This article was posted on Mar 31, 2011 and is filed under Market News

Midcap and smallcap stocks, despite the recent spike in the stock market, are continuing to languish. Since November 20, the Bombay Stock Exchange (BSE) midcap index has lost 23 per cent. In comparison, the BSE-30 has fallen much lesser at 12 per cent.

Over a three-year period, since January 9, 2008, the midcap index has lost 36 per cent. And they might continue to do badly in the near term as well.

Among the top 750 companies by market capitalisation, the top 10-15 per cent companies are large cap and the rest 80-85 fall under the mid- and small-cap companies. The market capitalisation data is a three-month average market capitalisation and liquidity. Over the next six months, high inflation will deflate margins further due to higher raw material, employee and interest costs and continue to hurt them. The midcap companies posted a moderate growth in earnings in the first nine months of FY11, so the short-term outlook has weakened further.

While the concerns — inflation, rising crude prices, the rising fiscal burden, and a spate of scams — that are hurting the large-cap stock continue to be same, these stocks have also suffered because of less interest shown by the foreign institutional investors (FII).

The FIIs holding in midcap companies rose gradually from around 5.13 per cent in December 2004 to over 10.8 per cent in December 2006 and peaked at around 13 per cent in December 2007. The holding declined thereafter has stagnated at 10-11 per cent, as it was December 2008 and 2009.

The fall in the midcap segment was led by the FIIs exit in several midcap stocks. The FIIs holding in 20 midcap companies fell more than 10 per cent while in another 100 plus firms it decline between 1 and 10 per cent. The value erosion in these stocks was over 50 per cent.

In some stocks, FIIs entered as well, in about 28 per cent stocks, leading to an outperformance. For example, Manappuram General Finance gained seven fold in three years as the FIIs holding rose from miniscule 4 per cent in March 2008 to 30.3 per cent in December 2010. Emami appreciated 120 per cent as the FIIs stepped holding by 13 per cent to 14.8 per cent while McLeod Russell up 196 per cent on account of 12 per cent rise in the FIIs holding.

The strong earnings growth also helped some midcap companies to appreciate handsomely in the last three years.

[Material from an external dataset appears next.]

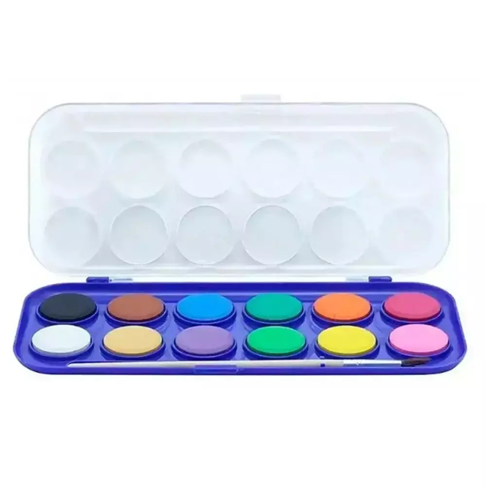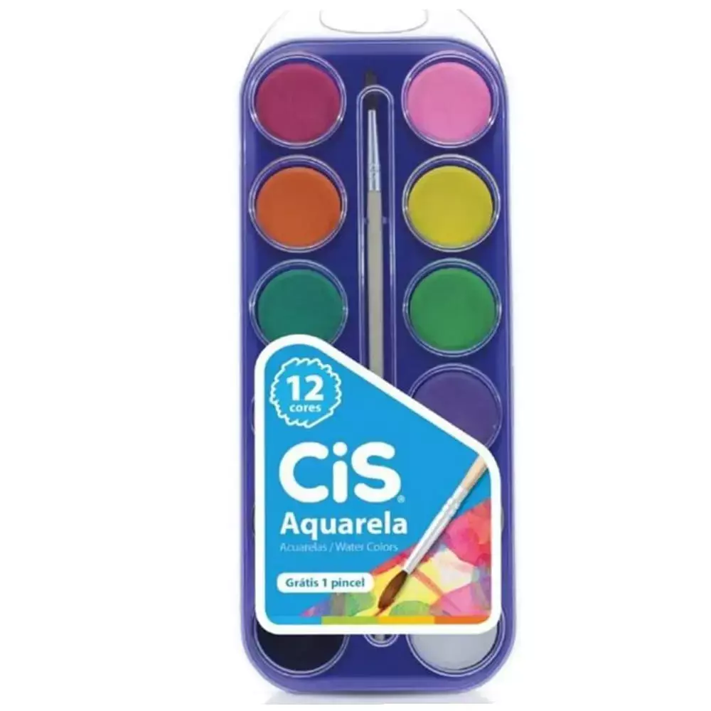 Tinta Aquarela Em Pastilha Estojo Com 12 Cores Cis Pincel Promoção Barato \n \n  \n \nOs desenhos vão ficar incríveis pintando com o estojo aquarela CiS! As pastilhas de tinta solúveis em água vem em um estojo acrílico junto com um pincel de , para você ter tudo à mão na hora da arte! \n \n  \n \nContém: 1 estojo acrílico com 12 pastilhas coloridas aquarela e 1 pincel. \n \nMaterial: Resinas termoplásticas, corantes orgânicos e solventes. \n \nDimensões aproximadas: 20x9x1cm \n \nNão Tóxico e Lavável \n \nNão recomendado para menores de 3 anos \n \nCor: Colorida \n \n  \n \nINMETRO: OCP 0061 Registro: 001 194/2017 INNAC

For example, the market value of Zydus Wellness, Whirlpool India, Coromandel International, Rallis India and Glodyne Technologies up more than 200 per cent each.

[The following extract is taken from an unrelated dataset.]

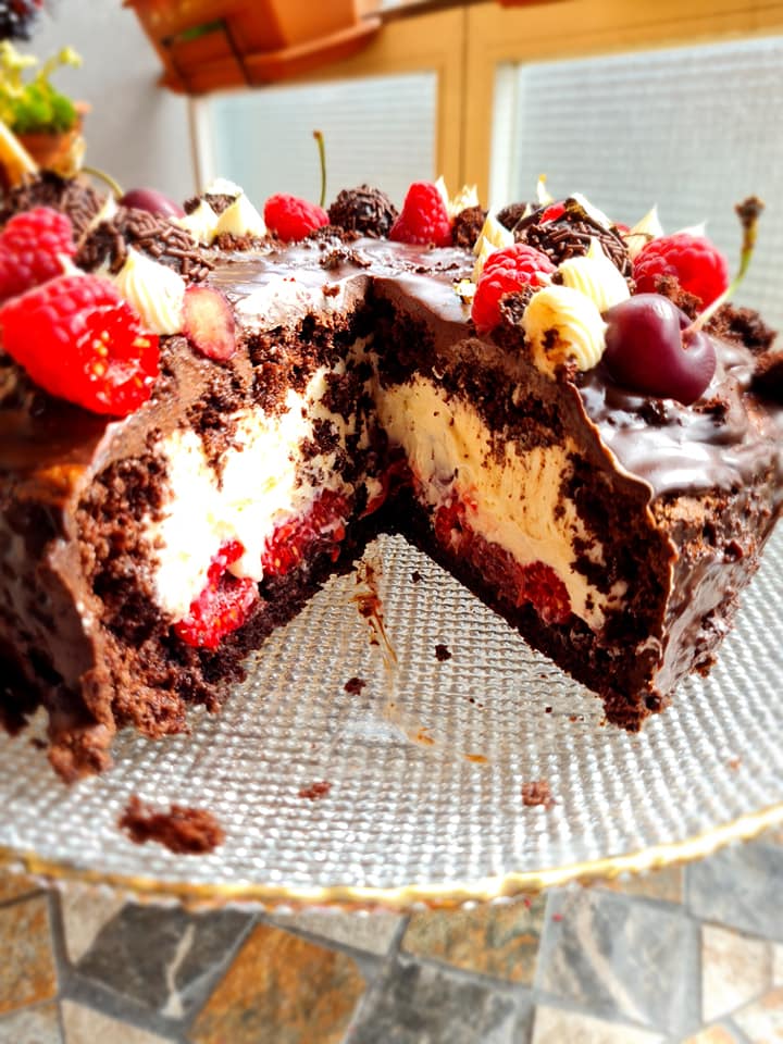 გაადნეთ კარაქი, 6 კვერცხის გული ათქვიფეთ 100გრ შაქართან ერთად, დაამატეთ სოდა ძმრით, ან გამაფხვიერებელი დაუმატეთ ფქვილში. ამოვიყვანეთ ცილა მწიკვ მარილთან ერთად, დაუმატეთ 100 გრ შაქარი და გააკეთეთ ფუმფულა ბეზე. ცილას გადაურიეთ გულები, სილიკონის კოვზით. 2 ნაწილად ჩააცერით ფქვილში არეული კაკაო და გადაურიეთ. შემდეგ 2 კოვზი ცომი აურიეთ გამდნარ კარაქში და ეს მასა გადაურიეთ მთლიან ცომს. გამოაცხვეთ 160°-ზე, კონვექციით, დაახლოებით 30 წუთით. შეამოწმეთ ხის ჩხირით. კრემის მომზადება: (შეგიძლიათ გააკეთოთ თქვენთვის საყვარელი მოხარშული კრემის რეცეპტით) დადგით რძე ასადუღებლად, გააკეთეთ გოგლი-მოგლი, დაუმატეთ ფქვილი და სახამელები, 1 ყავის ჭიქა ცხელი რძე და გააერთიანეთ მასა. როცა რძე დაიწყებს დუღილს, ჩაუშვით მზა მასა ნელ–ნელა და მოურიეთ მუდმივად, გასქელდება და მზადაა. ცხელში დაამატეთ ვანილი და 50 გრ კარაქი. დადგით გასაგრილებლად. ათქვიფეთ ოთახის ტემპერატურის კარაქი, შეგიძლიათ დაუმატოთ ნახევარი ქილა შესქელებილი რძე და გაგრილებული ფაფა. მინანქრის მომზადება: შიგთავსი ალუბალი და ჟოლო. დანამეთ ალუბლის წვენით, შეგიძლიათ ხილი ცოტახნით გააჩეროთ კონიაკში. ბისკვიტიდან ამოიღეთ გული, დანამეთ გვერდები და ძირი. მოალაგეთ ხილი და ჩაასხით კრემი. ზემოდან მოაყარეთ დატეხილი ბისკვიტი. ცოტა ზემოდანაც დანამეთ და გააგრილეთ. ამასობაში გააკეთეთ მინაქარი, შოკოლადს დაასხით ადუღებამდე მიყვანილი ნაღები. დააცადეთ 3-4 წუთი. აურიეთ და შემდეგ მოსახით ტორტს. მორთეთ სურვილისა და გემოვნების მიხედვით.

Fundamentally the 257 stocks, part of the BSE midcap Index, have been reporting a moderate performance during the past two financial years. They performed well in 2008 posting a 33 per cent growth in net profit, but in the following year there was a 23 per cent decline in net profit on account of global crisis. In 2010, net profit rose by 22 per cent and in the first nine month of the current financial year the net profit growth rate slipped to 13 per cent.

Among midcap stocks, underperformance was clearly evidence in sectors such as oil exploration, realty, infrastructure, construction, air services, power, ship building, steel and several others. Smaller steel companies really struggled to sell. Logistic bottleneck due to strict enforcement of rules and poor end demand affected their margins.